Combine the \(\lambda\) terms: \[p(\lambda | k) \propto \lambda^{(a+k) - 1} e^{-(b+1)\lambda}\]

We recognize this is the kernel of \(\textrm{Gamma}(a+k, b+1)\).

Theorem 62.4 (Normal-normal conjugacy) Let \(X_1,...,X_n \overset{iid}{\sim} N(\mu,\sigma^2)\) where \(\mu\) is unknown and \(\sigma^2\) is known. Assume the prior distribution is also normal: \(p(\mu) \sim N(\mu_0, v_0^2)\). Then the posterior distribution is also normal: \[p(\mu|\boldsymbol{x}) \sim N \left( \frac{\sigma^2\mu_0+nv_0^2\bar{x}_n}{\sigma^2+nv_0^2}, \frac{\sigma^2v_0^2}{\sigma^2 + nv_0^2}\right).\]

Proof. The Prior distribution, ignoring the constant, is: \[p(\mu) \propto \exp\left( -\frac{1}{2v_0^2}(\mu - \mu_0)^2 \right)\]

The likelihood of the independent sample:

\[p(\boldsymbol{x} | \mu) \propto \exp\left( -\frac{1}{2\sigma^2} \sum_{i=1}^n (x_i - \mu)^2 \right)\]

Multiply the prior and likelihood exponentials: \[p(\mu | \boldsymbol{x}) \propto \exp\left( -\frac{1}{2} \left[ \frac{(\mu - \mu_0)^2}{v_0^2} + \frac{\sum_{i=1}^n (x_i - \mu)^2}{\sigma^2} \right] \right)\]

Group terms by \(\mu^2\) and \(\mu\) and ignore the constant: \[p(\mu | \boldsymbol{x}) \propto \exp\left( -\frac{1}{2} \left[ \mu^2 \left( \frac{1}{v_0^2} + \frac{n}{\sigma^2} \right) - 2\mu \left( \frac{\mu_0}{v_0^2} + \frac{n\bar{x}}{\sigma^2} \right) \right] \right)\]

We want the posterior to look like a Normal distribution \(N(\mu_n, v_n^2)\), which has the form: \[\exp\left( -\frac{1}{2v_n^2}(\mu - \mu_n)^2 \right) \propto \exp\left( -\frac{1}{2} \left[ \frac{\mu^2}{v_n^2} - \frac{2\mu\mu_n}{v_n^2} \right] \right)\]

We match the coefficients from our derived equation to this standard form: \[\frac{1}{v_n^2} = \frac{1}{v_0^2} + \frac{n}{\sigma^2} = \frac{\sigma^2 + n v_0^2}{v_0^2 \sigma^2}\]

\[\frac{\mu_n}{v_n^2} = \frac{\mu_0}{v_0^2} + \frac{n\bar{x}}{\sigma^2} = \frac{\sigma^2 \mu_0 + n v_0^2 \bar{x}}{v_0^2 \sigma^2}\]

Solving for \(\mu_n\) and \(v_n^2\) gives the answer desired.

Frequentist estimator vs Bayesian posterior
Feature Frequentist Estimator Bayesian Posterior
What is the Parameter? (\(\theta\)) A Fixed, Unknown Constant.
The true mean is a specific number (e.g., 5.2) hidden in nature.
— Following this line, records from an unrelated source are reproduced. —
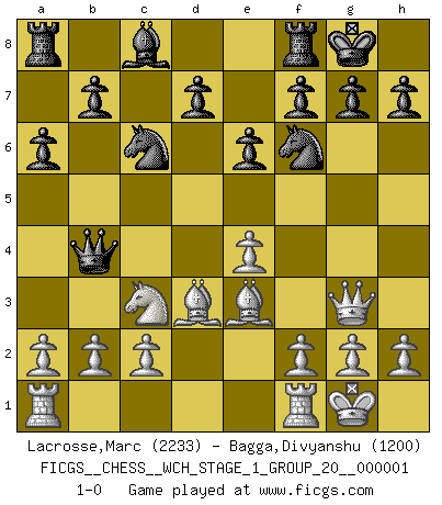 Last move : 1-0 2006 October 9 17:47:35 [Event "FICGS__CHESS__WCH_STAGE_1_GROUP_20__000001"] [Site "FICGS"] [Date "2006.08.04"] [Round "1"] [White "Lacrosse,Marc"] [Black "Bagga,Divyanshu"] [Result "1-0"] [WhiteElo "2233"] [BlackElo "1200"] 1.e4 c5 2.Nc3 Nc6 3.Nf3 e6 4.d4 cxd4 5.Nxd4 Qb6 6.Ndb5 a6 7.Nd6+ Bxd6 8.Qxd6 Nf6 9.Bd3 Qd4 10.Qg3 O-O 11.Be3 Qb4 12.O-O 1-0 This chess game has been lost on time (started : 2006.08.04 14:29:32) Sicilian : Closed, 2...Nc6 Kingside Castling by player Black (move 10) Kingside Castling by player White (move 12) Player White won this chess game. Follow this game move after move (download)The older I grow, the more I value pawns. (Paul Keres) Die starken Figuren des Gegners muss man abtauschen. (José Raúl Capablanca) El Ajedrez, como la música, como el amor, tiene el poder de hacer feliz a la gente. (Siegbert Tarrasch) Si rien de grave n'est détecté lors de l'analyse d'une position, on joue alors le coup. Seconde règle de Blumenfeld. We cannot be sure of having something to live for unless we are willing to die for it. (Ernesto Che Guevara)
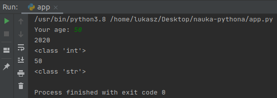 Jest to ok, ale czasami chcemy pobrać dane liczbowe na przykład wzrost, wagę czy cokolwiek innego. Skoro nasza zmienna domyślnie będzie stringiem, to będziemy mogli wykonywać na niej operacje dla stringów, a nie dla liczb. Czyli nie wykonamy, żadnych potęg, dzieleń itd. Aby się upewnić, możemy sprawdzić każdą zmienną jakiego jest typu, aby to zrobić piszemy type(), a w nawiasie powinna być nazwa zmiennej.
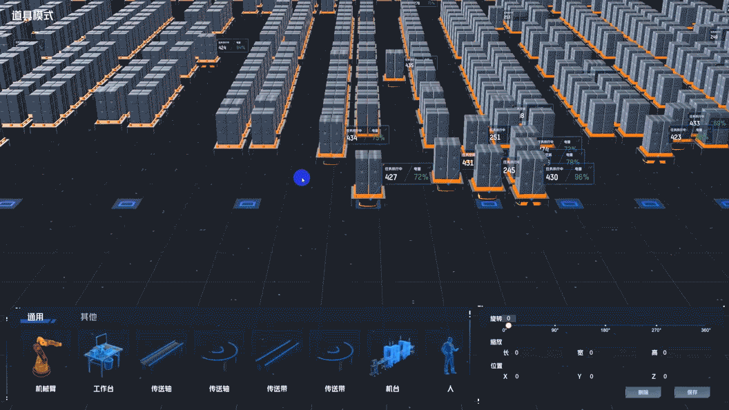 在某電子廠的自動化生產(chǎn)車間,海康機器人數(shù)字孿生技術(shù)改善了傳統(tǒng)系統(tǒng)的局限性,實現(xiàn)全面展示工廠存儲庫位的實時運行狀態(tài),并與監(jiān)控視頻系統(tǒng)聯(lián)動,提供實時監(jiān)管功能,用戶可以及時了解倉庫的運作情況,及時調(diào)整和優(yōu)化倉庫管理策略。
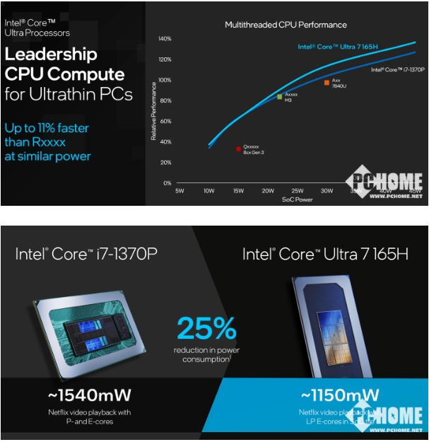 在SPECrate 2017中,與高通8cx Gen3、蘋(píng)果M3、銳龍7840U以及英特爾i7-1370P相比的話(huà),酷睿Ultra 7 165H在28瓦的功耗下,擁有更強的性能表現。相比i7-1370P可以降低25%的功耗。
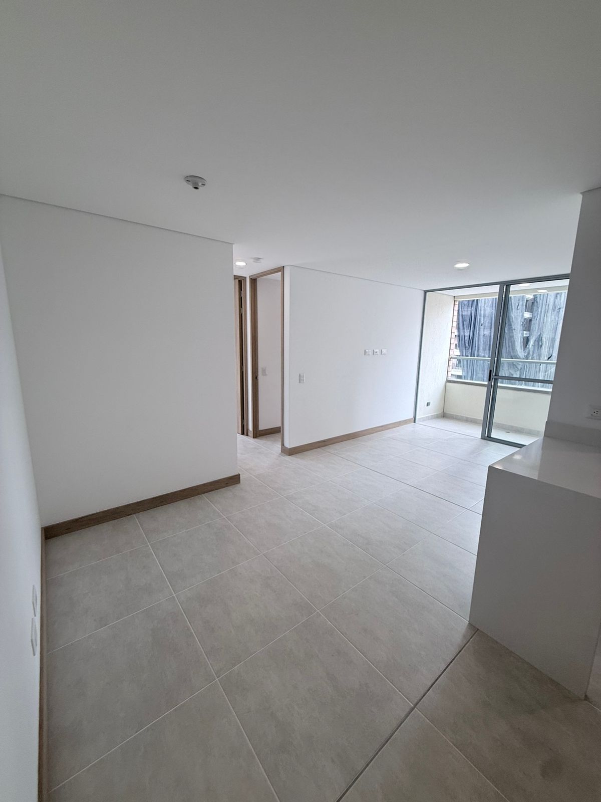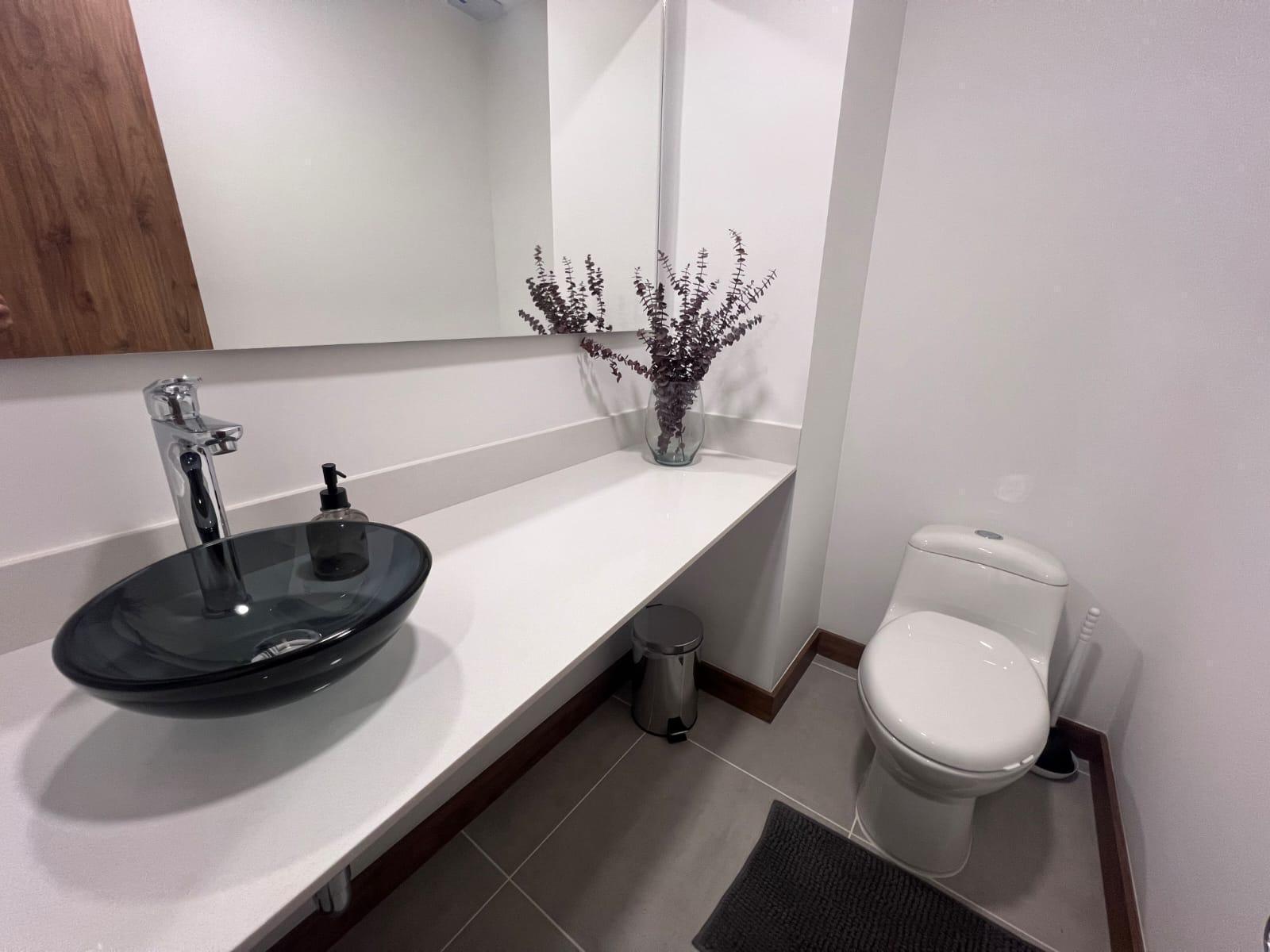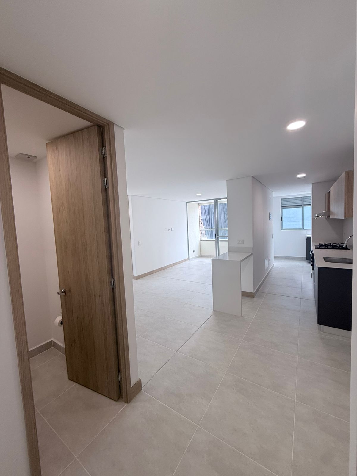 Cuenta con 2 alcobas, la principal con baño privado y vestier, además de baño auxiliar completo y baño social (medio). Su distribución incluye sala, comedor y estar integrados, cocina abierta con barra tipo isla, zona de ropas independiente y un balcón, ideal para disfrutar de iluminación natural y ventilación.
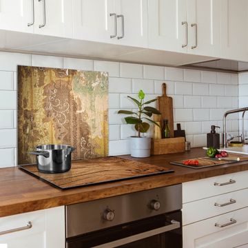 Die banjado Glas Küchenrückwand in verschiedenen Größen mit Motiv Alte Tapeten schützt Ihre Küchenfliesen vor Fettspritzern oder Wasserflecken. Der Spritzschutz ist gleichzeitig magnetisch und hält Ihre Rezepte oder Einkaufslisten. 4 Neodym-Magnete und 1 Kreidestift liegen bereits bei. Leuchtende Motive und hochwertiges Material machen den Spritzschutz zum Designobjekt. Das dekorative Glasbild gibt Ihrer Küche ein individuelles Erscheinungsbild. Abgerundete Kanten und Sicherheitsglas sorgen für einen sicheren Einsatz.
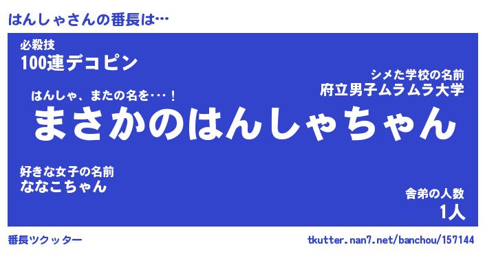 | 意味不明あだ名 | 『ペロリンはんしゃ』『永久保存はんしゃ』 |

It does not move or fluctuate.
A Random Variable.
The parameter is uncertain. We describe it using a probability distribution that reflects our state of knowledge.
What is the Data? (\(X\)) Random & Repeatable.
We imagine the data is just one of infinite possible samples we could have drawn.
Fixed.
The data is the only solid reality we have. We condition our beliefs on this specific dataset.
The Output A Point Estimate.
A single number (like \(\bar{x}\)) or a Confidence Interval.
A Probability Distribution.
A full curve (the Posterior) showing which values are most likely.
Probability Meaning Long-Run Frequency.
The frequency of occurrence out of infinitely many trials.
Degree of Belief.
How certain we are about something given our knowledge.
Use of Prior Knowledge Forbidden.
The data must speak for itself. Bringing in outside beliefs is considered “bias.”
Required (The Prior).
You start with an initial belief (\(p(\theta)\)) and update it with data to get the Posterior.